Metadata-Version: 2.4
Name: cci-tag-scanner
Version: 2.6.2
Summary: This package provides a command line tool moles_esgf_tag to generate dataset tags for both MOLES and ESGF.
License: BSD 3
License-File: LICENSE
Author: Daniel Westwood
Author-email: daniel.westwood@stfc.ac.uk
Requires-Python: >=3.9,<4
Classifier: Intended Audience :: Developers
Classifier: License :: OSI Approved :: BSD License
Classifier: Operating System :: OS Independent
Classifier: Programming Language :: Python
Classifier: Programming Language :: Python :: 3
Classifier: Programming Language :: Python :: 3.9
Requires-Dist: ceda-directory-tree (>=1.2.0)
Requires-Dist: elasticsearch (>=8,<9)
Requires-Dist: jinja2 (>=3,<4)
Requires-Dist: netcdf4 (>=1.7.2,<2.0.0)
Requires-Dist: numpy (>=1.25,<2.0)
Requires-Dist: requests (>=2.32.3,<3.0.0)
Requires-Dist: six (>=1.16.0,<2.0.0)
Requires-Dist: tqdm (>=4.45.0,<5)
Requires-Dist: verboselogs (>=1.7)
Description-Content-Type: text/markdown

# CCI Tagger

![Static Badge](https://img.shields.io/badge/cci%20tagger%20workflow-8AD6F6)
![Current Git Release](https://img.shields.io/github/v/release/cedadev/cci-tag-scanner)
[![PyPI version](https://badge.fury.io/py/cci-tag-scanner.svg)](https://pypi.python.org/pypi/cci-tag-scanner/)

## CEDA Dependencies

![Static Badge](https://img.shields.io/badge/elasticsearch%20v8-3BBEB1)

## Overview

This package provides a command line tool moles_esgf_tag to generate dataset
tags for both MOLES and ESGF.

## Installation

Create a Python virtual environment:
**Must be Python 3**

```bash
python -m venv venv
source venv/bin/activate
```

Install the latest version of the library

```bash
git clone https://github.com/cedadev/cci-tag-scanner
cd cci-tag-scanner
pip install -e .
```

NOTE: As of 22nd Jan 2025 the `cci-tag-scanner` repository has been upgraded for use with Poetry version 2. This requires the use of an additional `requirements_fix.txt` patch while a solution for poetry dependencies in github is worked on.

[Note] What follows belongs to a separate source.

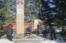 В рамках акции "Весенняя неделя добра" волонтеры школы провели уборку снега и льда памятника павшим героям в годы ВОВ села Усады.
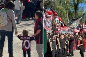 4000名或许更多戴着红黑围巾、身着莱奥、鲁伊·科斯塔、马尔蒂尼和莫德里奇球衣的球迷们涌向米兰基地。南看台挥舞着旗帜,擂响战鼓。在对阵那不勒斯赛前两天,米兰球迷们涌向米兰内洛观看球队训练。这场景宛如集训首日,气温虽然还没到7月那种程度,但也足以向春天致敬。画面令人震撼,米兰显然备受鼓舞:以队长迈尼昂为首,球员们走向米兰内洛入口的小径与看台球迷会面。歌声、掌声交织,仿佛回到了90年代,或者是2022年皮奥利夺冠时的盛况。

The above installation MUST be supplemented with:

```bash
pip install -r requirements_fix.txt
```
This is a temporary fix and will be removed when poetry is patched.

## Command Line Script

This script is to be used to check what the tagger outputs when fed with the JSON files. This can be used to build the JSON files and
check they are producing what you expect. This script also produces a moles_tags files to attach to this dataset.

### Usage

```
moles_esgf_tag [-h] (-d DATASET | -f FILE | -j JSON_FILE) [--file_count FILE_COUNT] [-v]
```

You can tag an individual dataset, or tag all the datasets listed in a file. By default a check sum will be produces for each file.

Arguments:

    -h, --help            show help message and exit

    -d DATASET, --dataset DATASET
                          the full path to the dataset that is to be tagged. This option is used to tag a single
                          dataset.

    -f FILE, --file FILE  the name of the file containing a list of datasets to process. This option is used for
                          tagging one or more datasets.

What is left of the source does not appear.